The tiny being inside her was already making his or her presence known, already grasping for life, fighting for its existence, staking its claim. And she was the guardian of that life. The protector. She was its mother. A surge of love washed through her, so suddenly and so strongly it stole her breath.
Strengthened her.
Gave her divine purpose.
It humbled her, caused a fierce protectiveness to grab hold.
It was up to her to stay alive long enough that Marshall would free her, or that she’d be found by someone else. A transient maybe? Someone looking to rent out the abandoned building where she was being held? Someone must own this lot. Even if she hadn’t heard anyone in many months, there were still possibilities of being found—things Marshall didn’t control. Reason for hope. She just had to hang on to it. Stay alive so her baby had a chance at life too. Or die trying.
It was all she had. All anyone had. To keep fighting with the tools available to you until your final breath. It was what the innocent life inside of her was doing—all he or she knew. It was what her own mother had never done, deciding instead to wallow in her own misery, to take out her anger and frustration and despair on Josie.
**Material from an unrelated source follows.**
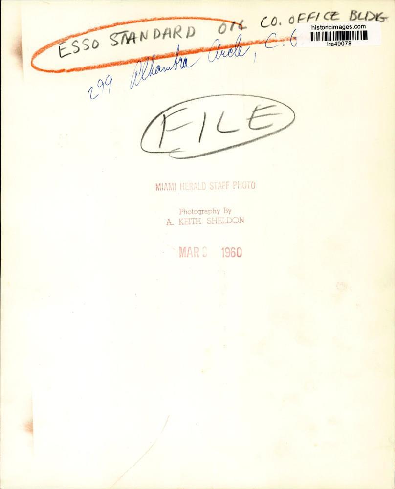 ebay template Note: Please study the images carefully to determine the condition of this vintage photograph, as it may not be in perfect condition. It may contain wrinkles, cracks, and possibly even tears due to its age and how it was handled before it got to us. A scanner may interpret colors and contrast differently than human eyes will, so it is possible that the actual photograph may be slightly darker or lighter in person. This vintage photograph is offered for sale as a collectible item and conveys no transfer of copyright. 1960 Press Photo The Esso Standard Oil Company office at 299 Alhambra Circle This is an original press photo. Esso Standard Oil Company office, 299 Alhambra CirclePhoto measures 8.25 x 10inches. Photo is dated 3-9-1960. PHOTO FRONT PHOTO BACK Historic Images Part Number: lra49078 FAQs Q: Can I just download a digital version instead? A: No, we sell only vintage originals and do not make or distribute any copies, including digital ones. Q: Do you combine shipping and invoices? A: Multiple photos won on the same seller ID combine automatically through the eBay checkout process. If you encounter problems with this, send us a message via eBay messaging and we will send you an invoice. Due to eBay limitations, we cannot combine items won on our different seller IDs for a single shipping charge. Q: How quickly do you ship the items once paid? A: We ship within one business day after your payment clears. If you do not receive an "order shipped" email from us by the close of the second business day from submitting payment, please e-mail us via eBay messaging. Q: How do you make sure my photograph arrives safely? A: We package each order between two cross-corrugated pieces of cardboard to ensure that the package is as difficult to bend as possible. We then wrap each order in a plastic sheet to help protect against moisture. We want you to rest assured that we take every precaution to ensure that the photograph you receive will be in the same condition in your care as it was in ours. Q: Will the "Historic Images" watermark be on my photo when I receive it? A: No. This is a digital watermark we use to protect our images. It is not printed on the photo. Q: What are your office hours? A: eBay for us is a business, and a very fun one to be in! We are open M-F 9 to 5 (CST). Therefore, we do not return e-mails and phone calls over the weekend. We observe the following holidays: New Years Day, Memorial Day, Fourth of July, Labor Day, Thanksgiving and the day after Thanksgiving, Christmas Eve and Christmas Day. Q: Where did all these vintage photos come from? A: These original vintage photographs are from various news service and newspaper photo archives from locations around the country including: Boston, Detroit, Tampa, Chicago, Denver, Seattle, New Orleans, Milwaukee, Portland, Spokane, and more. We do not copy or reproduce any photographs -- every item is a unique vintage piece that was housed in a news archive. Q: Can I use this photograph in my book/blog/website? A: The short answer is no. There is no transfer of copyright for republication or reproduction with these photographs when you purchase them, and only photographs taken before 1923 are currently automatically in the public domain. Permission from the copyright holder, which usually can be identified from the back of each photo, must be sought to republish or reproduce the image for any purpose. Q: Do you relist items (in case I miss an auction ending)? A: Auction items that receive no bids are relisted in our store (historicimages-store on eBay) as a fixed-price item and at a higher price than the starting auction price. Q: Do you leave feedback? A: Yes, we always leave feedback for buyers. Our software monitors when our buyers leave us feedback, then notifies us that we can leave feedback for the buyer. Rest assured, if you leave feedback, we will do the same! Check out our family of eBay IDs: historicimages01 Sports Photos historicimages02 Entertainment Photos historicimages03 Americana Photos historicimages04 International & War Photos historicimages05 Transportation Photos historicimages06 Photos of All Subjects historicimages07 Entertainment Photos historicimages08 Newsworthy Photos historicimages09 Entertainment Photos historicimages10 Sports Photos historicimages-store Our largest fixed-price selection historicimages-gallery Hand-picked photos Saturday night auctions About Us Historic Images was formed in September 2009, with a handful of scanners working out of a basement to digitize newspaper photo archives. We have since moved out of the basement, and we can now archive thousands of photos per day. Our company has worked with magazines and newspapers from Detroit, Boston, Denver, Seattle, Tampa, Chicago, and New Orleans, just to name a few. We are constantly adding to our inventory, and have assembled an archive of millions of photos to date. As our company evolved, we began our eBay business, which brings thousands of fresh auctions per week to the world's largest online auction marketplace. Our custom software systems and team of great employees allow us to efficiently scan and sell large photo archives online. At the very core of our company's DNA is a strong commitment to customer satisfaction and strict integrity for our product. Our promise to you is that we will do everything in our power to provide you a great buying experience. Copyright 2009 - Present, Historic Images, Inc. Sell Smarter with Kyozou. Inventory and Ecommerce Management

To see her own child as the enemy, someone to beat down and use to relieve her pain.
Josie would not be her mother. Even here, she vowed. Even in a dungeon in hell. She was different and she would own that. No one could take it away. It was the tiny fire burning in her chest. Her own fight for life. Something that could not be stolen. Somethi
ng that would not be extinguished as long as she kept it burning.
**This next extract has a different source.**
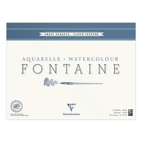 Clairefontaine Fontaine Cloud Texture Watercolour Paper is 100% cotton, 300gsm, pH neutral and free from optical brighteners. It is manufactured on a cylinder machine but the purity of the water and cotton used to make the pulp, combined with the quality and consistency of the glue coating (both in the pulp and on the surface) make this paper unique in its handmade-like finish. Using Clairefontaine Fontaine paper is a joy because it has a great capacity for absorption and resistance to wrinkling, whilst offering excellent colour reproduction and preserving the transparency of the colours The quality of the finish means retouching is also possible.
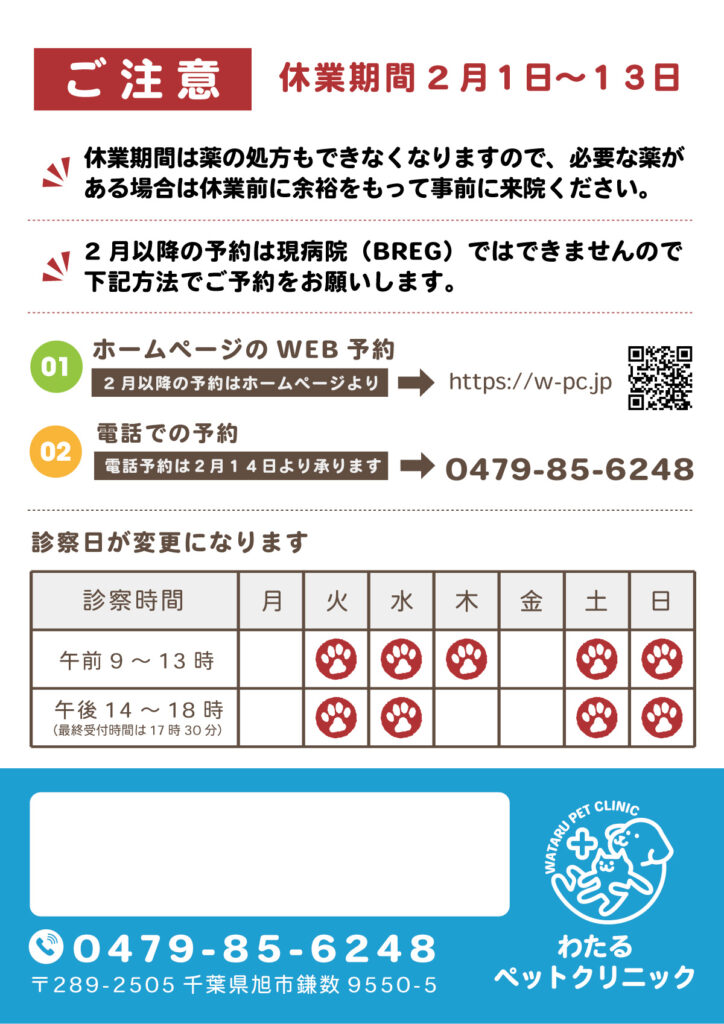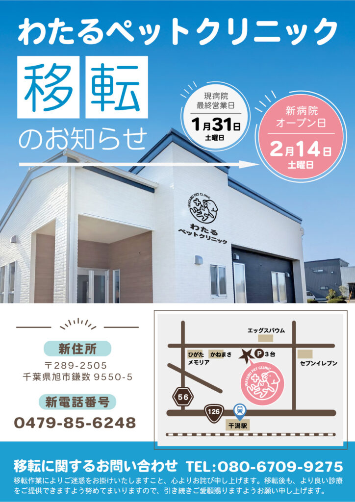 引き続き、わたるペットクリニックをどうぞよろしくお願い申し上げます。

“Okay, little fighter,” Josie whispered, moving her hand over the swell of her stomach. “This is something we’re going to have to do together. You get that, right? You keep fighting, and so will I. I promise.”
Josie picked up her burger again and took a bite. She wanted to stuff the whole thing in her mouth, eat every crumb, lick the grease from the paper. But she needed to start rationing. If Marshall was going to keep staying away for longer periods of time, she had to ration what she had so she wouldn’t starve.
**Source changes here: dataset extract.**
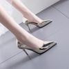 Sapatos de trabalho para banquetes, sapatos de salto alto de cor sólida, camada única, femininos, verão 2024, novo estilo, salto fino, sexy, salto lateral, bico fino, sapatos femininos
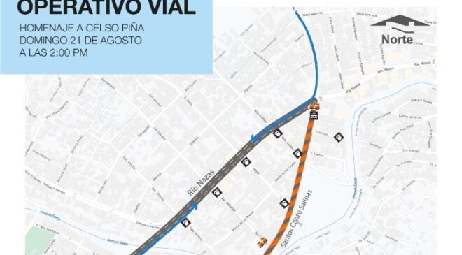 Por la tarde y para la seguridad de los asistentes al homenaje a Celso Piña en la colonia La Campana, se aplicará el cierre vial de la calle Santos Cantú Salinas, desde Camino al Mirador a Río Nazas.

She needed regular meals—even if they were pitifully small. A constant stream of nutrients for her baby.
She gathered her will power and wrapped half of the burger back up in the paper wrapper, along with half the container of fries. She threw the fry container in the bag, crumpled the napkins up and tossed the garbage over near the door. She didn’t know if Marshall would confiscate her rationed food or not, and she wasn’t willing to take the chance. She hid it under her mattress.
There was a crack in the wall that leaked when it rained. Not a lot, just a tiny trickle that would then flow into another crack in the floor. A few times when she’d been parched from thirst, she’d watched that small trickle moving down the wall and disappearing into the floor. It tortured her—relief that was so near and yet so far away. But now . . . now she had her hand free and she could catch the dripping water in her palm, bring it to her mouth.
Stay alive. Keep trying.
I will not die. I will not die, she chanted in her mind. I now have a reason to live. And that evening when she fell asleep, she wasn’t crying.
CHAPTER FOURTEEN
“I’m going to make a quick trip into town to buy some labels,” Josie said to the detective with the square head and jowly cheeks. Despite his lumpish features and pockmarked skin, he had the clearest, most beautiful green eyes she’d ever seen. Something about his face was very . . . comforting somehow, and she wasn’t sure why but it was.